В интернате Нонна познакомилась с заведующей — солидная, даже величественная женщина. Умеет вести свое дело. “Не беспокойтесь, дети быстро у нас поправятся, мы на санаторном питании”. Это было хорошо, однако не все, что хотелось бы знать. И снова пошли тревожные мысли: дети напуганы, подавлены и опять они в чужих руках, неизвестно с какими людьми.
“Ладно, хватит,— оборвала себя Нонна,— война, надо терпеть. Не у всех есть такая возможность устроить детей, скажи спасибо”.
Нонна проспала часа три и спустилась вниз, где дремал сидя хозяин верхней полки. Вагон замолк — на вторых и третьих полках спали крепко, со вкусом, храпели и бормотали. Внизу мотали сонными головами, то притыкаясь к стенке, то пристраиваясь к сумке, поставленной на колени, а то просто уронив голову на грудь.

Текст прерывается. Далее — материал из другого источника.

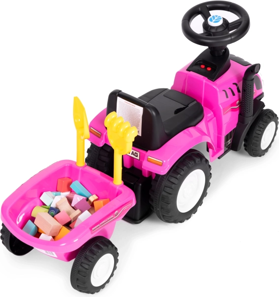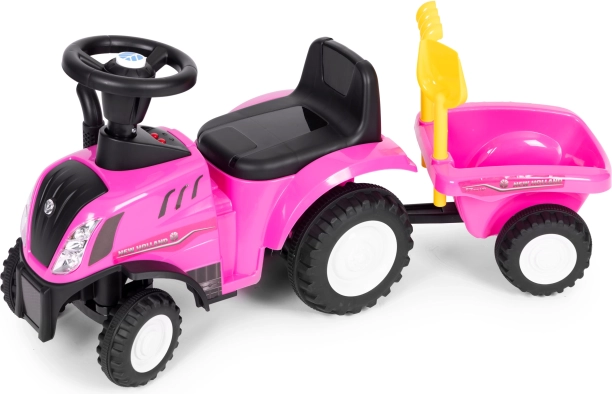 Στυλάτο παιδικό ποδηλατάκι-τρακτέρ με αποσπώμενο ρυμουλκούμενο που προσφέρει ώρες ενεργής διασκέδασης στο σπίτι και έξω. Χάρη στην άδεια NEW HOLLAND, το διαδραστικό τιμόνι με ήχους κόρνας και εκκίνησης κινητήρα και την σταθερή, ανθεκτική κατασκευή, είναι ιδανικό για μικρούς αγρότες από 12 μηνών. Περιλαμβάνει τσαπάκι και φτυαράκι, άνετο κάθισμα με πλάτη και αντι-ανατρεπτικό στοιχείο για μέγιστη ασφάλεια.
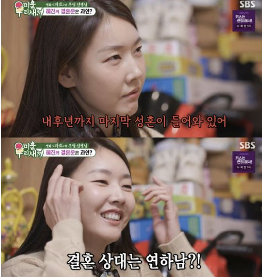 최근 방송된 SBS ‘미운 우리 새끼’에서 한혜진은 무속인의 점사를 통해 결혼운을 봤다. 무속인은 그의 사주에 대해 “내후년까지 마지막 성혼이 강하게 들어와 있다. 결혼할 사람이 100% 있다”며 “연하 인연이 들어와 있다”고 단언해 눈길을 끌었다.
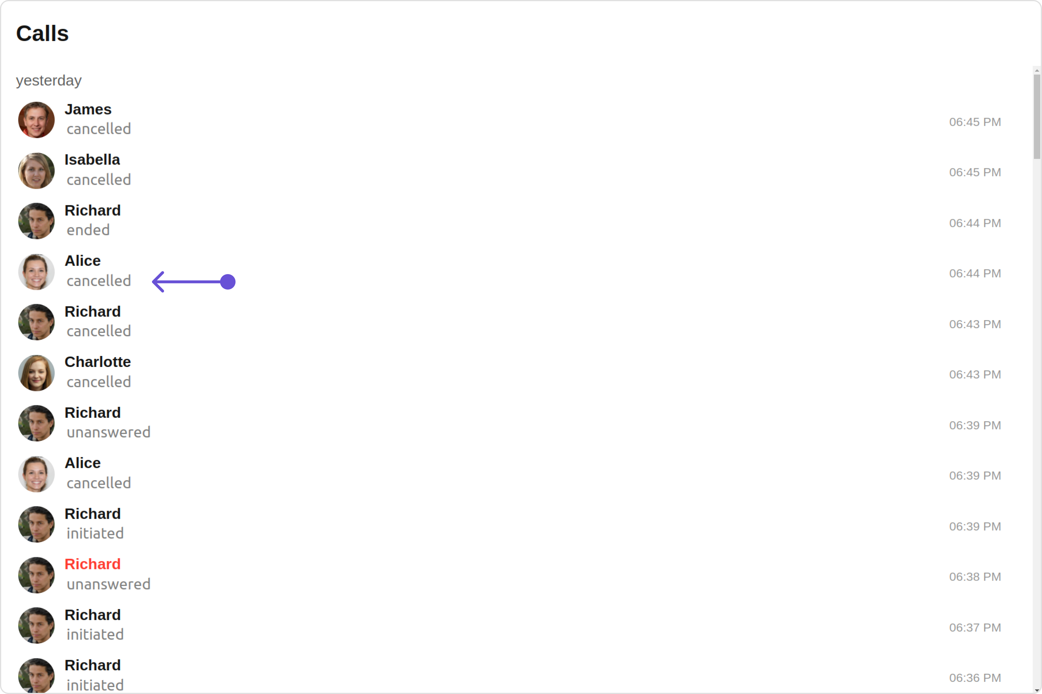 CometChatCallLogs is a Component that shows the list of Call Log available . By default, names are shown for all listed users, along with their avatar if available.
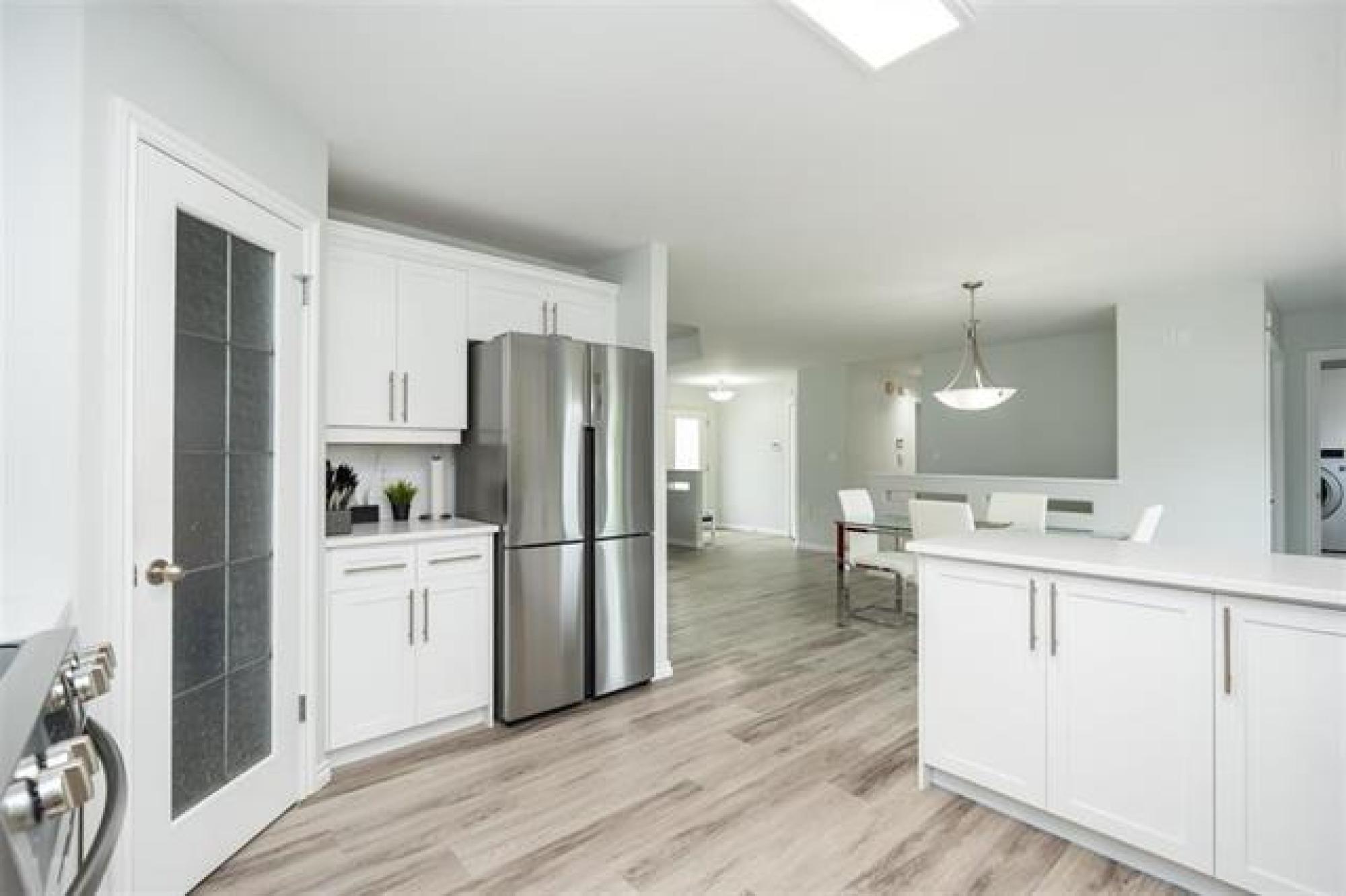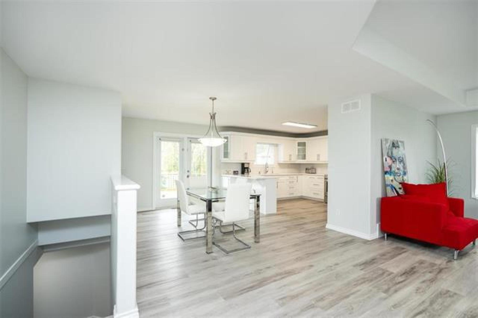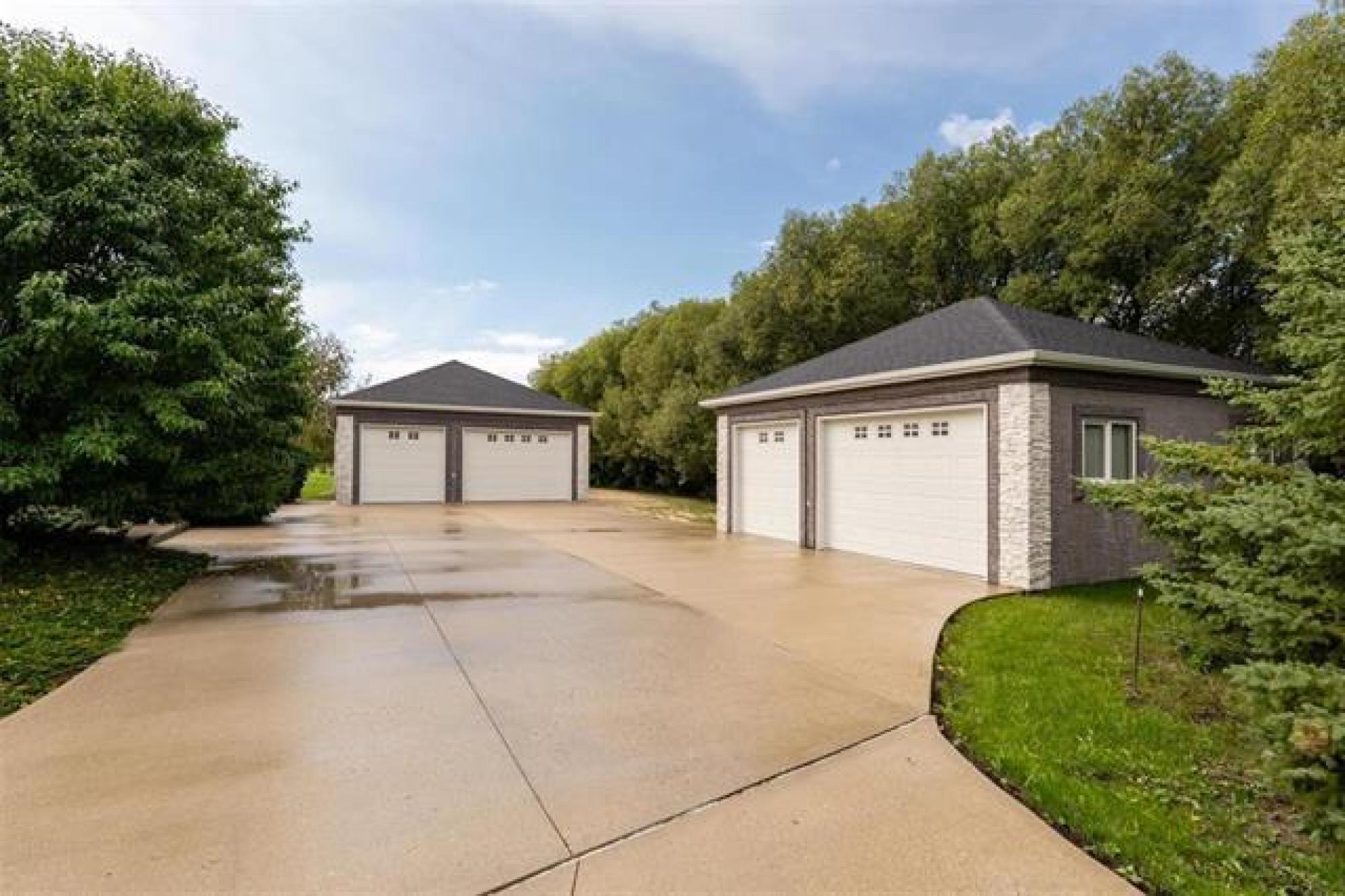 Welcome to this beautifully renovated 5 bedroom home set on a landscaped 2.6-acre lot. The main level features an open layout w/luxury plank floors, stylish kitchen w/white maple cabinetry, stunning quartz counters, tile backsplash + upgraded appliances. The primary suite includes hardwood floors + a private ensuite, while 2 additional bedrooms and a fully updated main bath complete the level. The lower level boasts raised ceilings, laminate floors, pot lights, custom entertainment wall w/fireplace + surround sound, 2 bedrooms & a 3-piece bath. Steel beam construction provides a spacious, open span design, while thoughtful upgrades like in-floor heat lines, R10 insulation + triple pane windows ensure lasting comfort. Enjoy a landscaped front yard w/concrete edging, a two-tier deck w/black spindles, a quonset for storage + parking for recreational vehicles. The oversized garage is complemented by an incredible detached heated shop with space for up to six vehicles, hot and cold water taps, compressor lines, central vac, 220 power, and even a kitchen setup. Recent updates include shingles on both the home + garages (2023), paved driveway, iron filtration system and more!
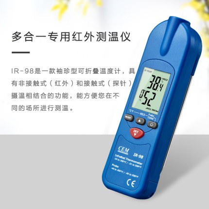 CEM IR-98/99可折疊多合一紅外線測溫儀集非接觸式紅外線測溫、針式測溫、鉗夾測溫于一體,為您在苛刻環(huán)境下的測溫提供最佳解決辦法和測溫工具。

А те, кто не мог уснуть, маялись, перебарывая сон, с трудом раскрывая слипающиеся веки.
Утром Нонну угостили кипятком из жестяной кружки, хлеб у нее был. В конце дня уступил ей самую верхнюю, третью, полку другой выспавшийся сосед, и она проспала до раннего утра, до самой Москвы.
Заехала домой — посмотреть в почтовый ящик, помыться, переодеться. Письма не было. Пустой дом напомнил о детях, об умершей тетушке. Разбросаны оставленные вещи, которые не влезли в чемоданы. Разоренный нежилой дом. Нашлось немного наколотых щепок и палок, согрела кастрюлю воды, помылась тут же, у печки. Есть было нечего. К девяти пошла на работу.
Солдаты в палатах встретили ее радостно, расспрашивали, где нашла детей, что случилось с тетей, жалели ее, сибиряки хвалили Алтай, успокаивали Нонну — дети быстро поправятся в целебном климате.
Удивило Нонну отношение персонала: товарищи ее ни о чем не спрашивали, были странно безразличны, а если кто и задавал вопрос о детях, то на ходу, не вслушиваясь в ответ. Нонне показалось, что они отводят глаза, будто боятся взглянуть. Но были и такие, которые смотрели на нее участливо, даже с жалостью, но вопросов не задавали.
Поле напряжения окружало Нонну, и, тревожась, удивляясь, работала она до полудня. Главный врач прислал за ней, она приготовилась к выговору за опоздание на половину суток.
В кабинете у главного были люди, которые тотчас же вышли, как только она отворила дверь.